Corporate real estate (CRE) executives, whose companies drive demand for office space, are increasingly willing to invest in refurbishing their owned assets to meet sustainability goals, according to the results of the 2009 CoreNet Global and Jones Lang LaSalle sustainability survey.

Commenting on the survey, Julie Hirigoyen, lead director of Jones Lang LaSalle Sustainability Services said: “The findings of this survey provide stronger evidence than ever that sustainability concerns are impacting on corporate real estate decision-making. As this message filters through the markets, we may begin to see signs of a two-tier market emerging whereby buildings that do not meet certain sustainability standards incur higher rates of depreciation and obsolescence.”
 
In the survey of CRE executives responsible for real estate portfolios totaling billions of square feet across the globe, 70% said that sustainability is a critical business issue for CRE today.

A significant 89% consider sustainability criteria in making leasing decisions, with 46% always considering energy labels (such as Energy Star or HPE), and 41% always considering green building certifications (such as LEED, BREEAM, IEMA, NABERS Energy, Green Star, GreenMark or CASBEE).
Even though obtaining funds to implement sustainability strategies is a difficult or an extremely difficult challenge for 67% of respondents, 74% would pay a premium (generally 1–5%) to retrofit-owned space for sustainability criteria, up from 53% in 2008.

Although most executives view sustainability as a priority, only 37% would consider paying a premium (between 1-10%), and another 21% indicated that they would only be willing to pay a premium rent if it was offset by lower operating costs.
 
CoreNet Global and Jones Lang LaSalle 2009 sustainability survey key findings:
 
• Sustainability is a critical business issue today for 70% of respondents and 89% consider sustainability criteria in their location decisions
• Green building certifications are always considered by 41% and energy labels by 46% in administering their portfolio
• 74% say they are willing to pay a premium to retrofit space that they own for sustainability criteria
• 21% would only pay more rent for sustainable space if offset by lower operating costs, while 8% expect to pay less and 34% the same
• 60% are adopting workplace strategies to meet sustainability goals while reducing overall occupancy costs

 “These results clearly show that sustainability as an issue is here to stay, but companies are increasingly aware of the commercial realities,” said Dan Probst, chairman of Energy and Sustainability at Jones Lang LaSalle. “It is no longer enough to simply be ‘green’; organisations want to see the benefits to the bottom line.”

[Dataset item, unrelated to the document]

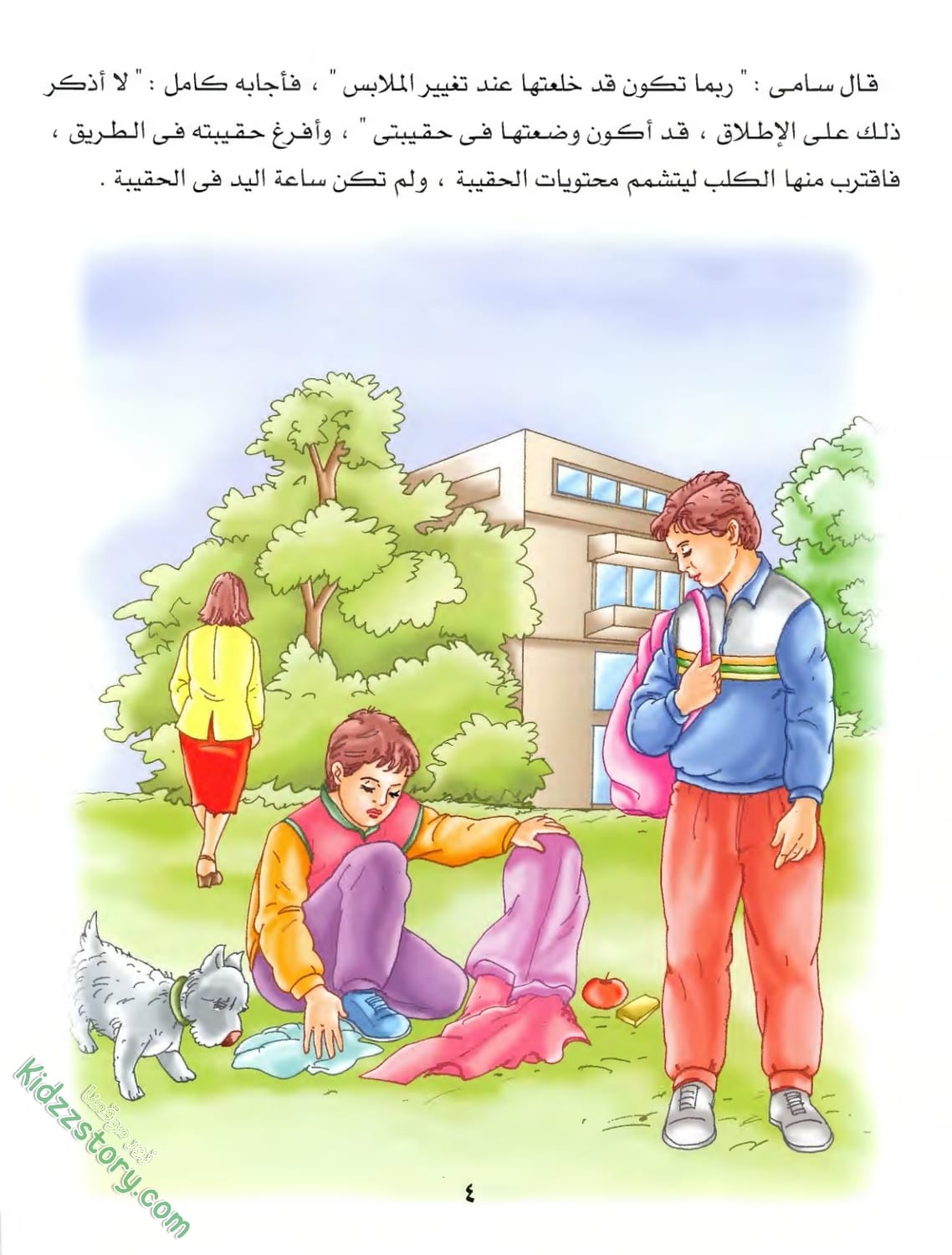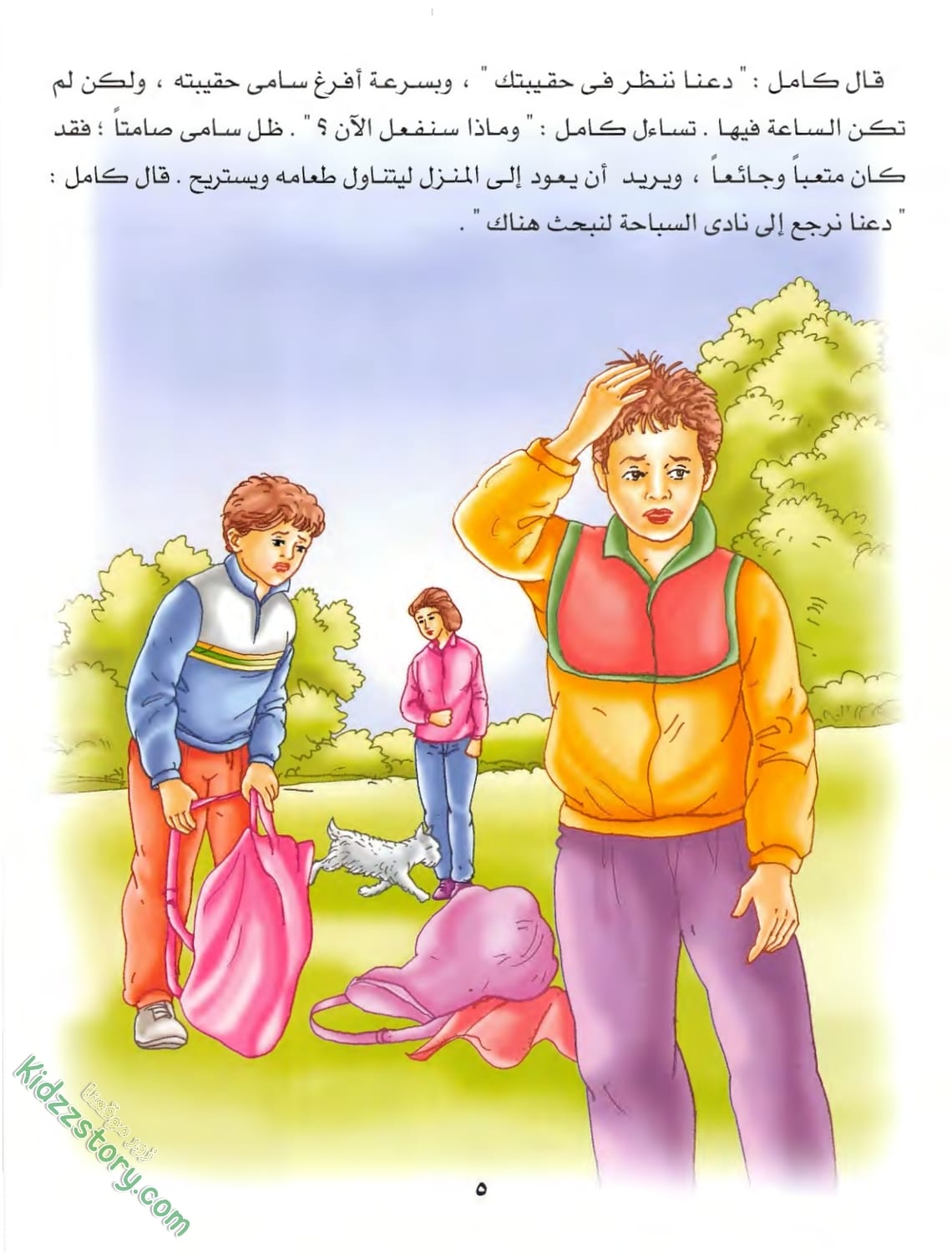 قال كامل: “دعنا ننظر في حقيبتك”، وبسرعة أفرغ سامي حقيبته، ولكن لم تكن الساعة فيها. تساءل كامل: “وماذا سنفعل الآن؟”. ظل سامي صامتاً؛ فقد كان متعباً وجائعاً، ويريد أن يعود إلى المنزل ليتناول طعامه ويستريح. قال كامل: “دعنا نرجع إلى نادي السباحة لنبحث هناك”.

“The survey results show that corporate real estate executives continue to be very focused on sustainability,” said Michael Anderson, research manager at CoreNet Global. “Despite the economic challenges of the past year, more than a third of corporate real estate executives would consider paying extra for a green lease, and nearly three-quarters would pay to retrofit properties they own.”

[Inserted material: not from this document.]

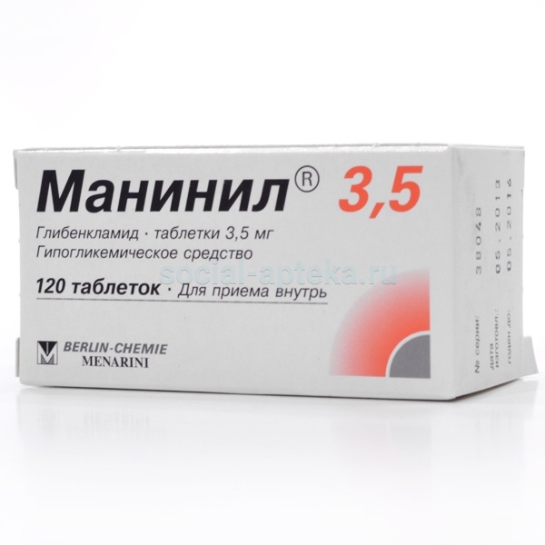Антагонисты Н2-рецепторов могут с одной стороны ослаблять, а с другой - усиливать гипогликемическое действие препарата Манинил® 3,5. Пентамидин в единичных случаях может вызывать сильное снижение или повышение концентрации глюкозы в крови. Может усиливаться или ослабевать действие производных кумарина.

The focus on cost reductions is seen in the 60% that are adopting workplace strategies to meet sustainability goals while reducing overall occupancy costs, up from 54% in 2008. CRE executives also continue to focus on strategies that are easy to implement and provide short-term cost savings, such as energy efficiency programs and waste recycling.
In terms of metrics, companies want to see bottom-line outcomes, with energy costs ranked as the most important portfolio metric by 37% followed by employee health and productivity at 29%, and 45% are highly involved in providing sustainability performance data.
 
However, making targeted investments in sustainability initiatives can be challenging. More than 50% said that insufficient industry metrics, difficulty in calculating ROI and lack of tools for collecting necessary performance data are difficult or extremely difficult challenges
“Companies are looking for help in making targeted sustainability investment decisions and measuring the results in terms of both environmental and financial performance,” Probst said “Clarification of industry metrics globally, tools that collect data and turn it into information, and clear methodologies for calculating project ROI will be critical to overcoming these challenges.”